# [REQUIREMENT]
Below are entries with pictures among them; reproduce exactly, and only, the lines from the one containing "Приказ О создании" down to the one containing "Temperature: 39°F Wind", without the pictures.

# [AVAILABLE DATA]
-*-
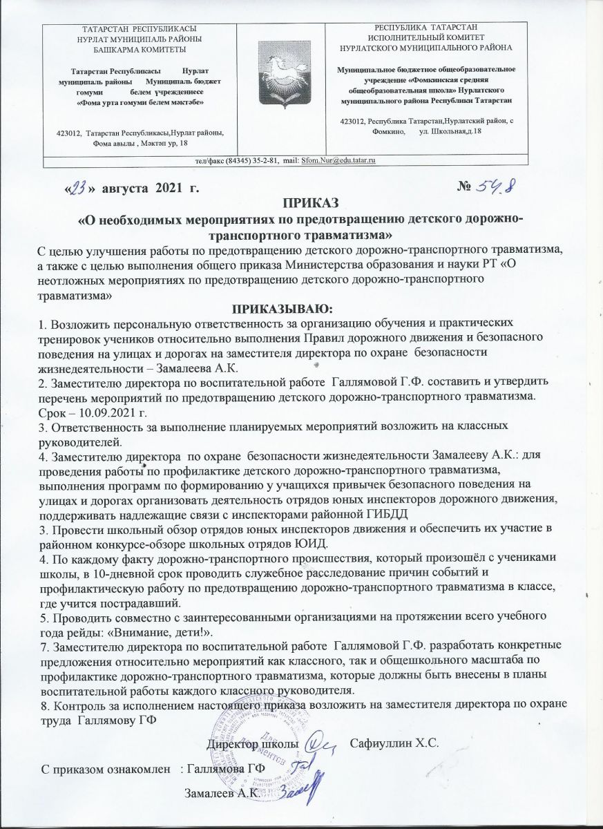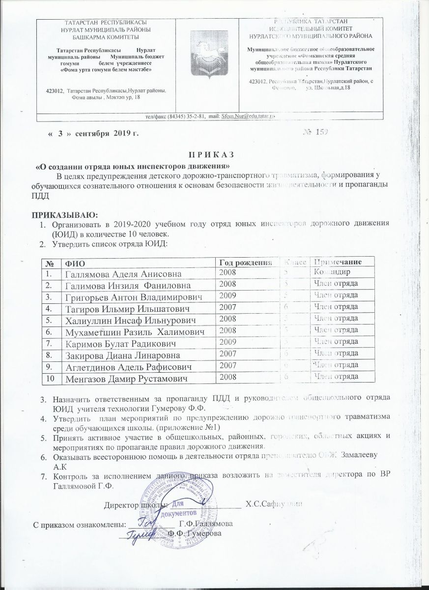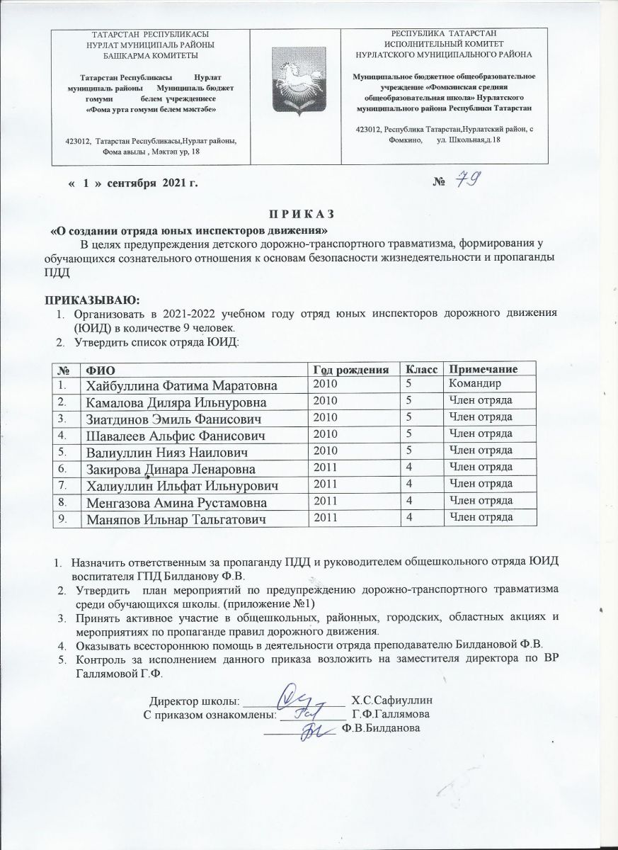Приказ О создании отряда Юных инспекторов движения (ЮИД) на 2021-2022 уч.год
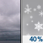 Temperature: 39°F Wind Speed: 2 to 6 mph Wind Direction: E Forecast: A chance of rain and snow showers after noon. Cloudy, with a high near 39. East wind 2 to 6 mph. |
-*-
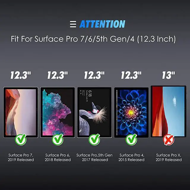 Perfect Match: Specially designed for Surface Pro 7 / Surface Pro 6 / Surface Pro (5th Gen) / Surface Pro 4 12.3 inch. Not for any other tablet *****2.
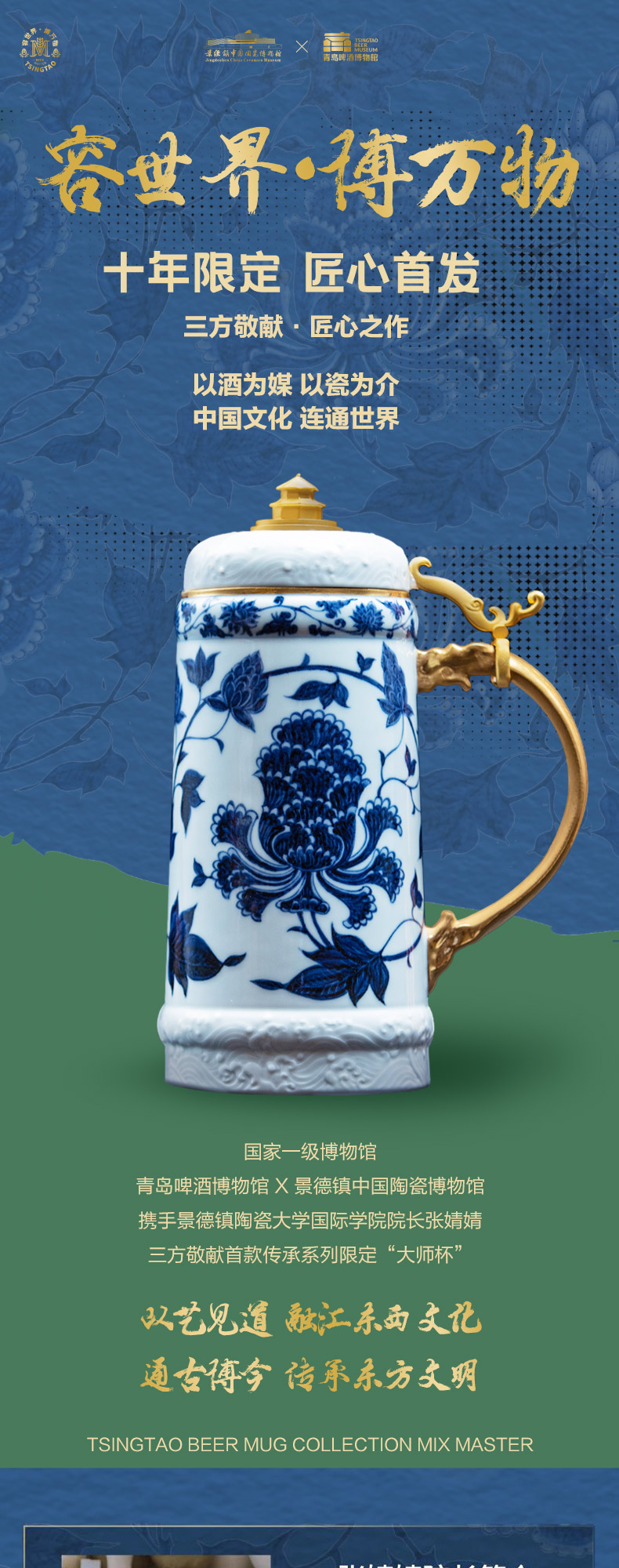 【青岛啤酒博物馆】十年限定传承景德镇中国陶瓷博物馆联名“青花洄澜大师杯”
-*-
# [OUTPUT OF THE EXERCISE]
Приказ О создании отряда Юных инспекторов движения (ЮИД) на 2021-2022 уч.год
 Temperature: 39°F Wind Speed: 2 to 6 mph Wind Direction: E Forecast: A chance of rain and snow showers after noon. Cloudy, with a high near 39. East wind 2 to 6 mph. |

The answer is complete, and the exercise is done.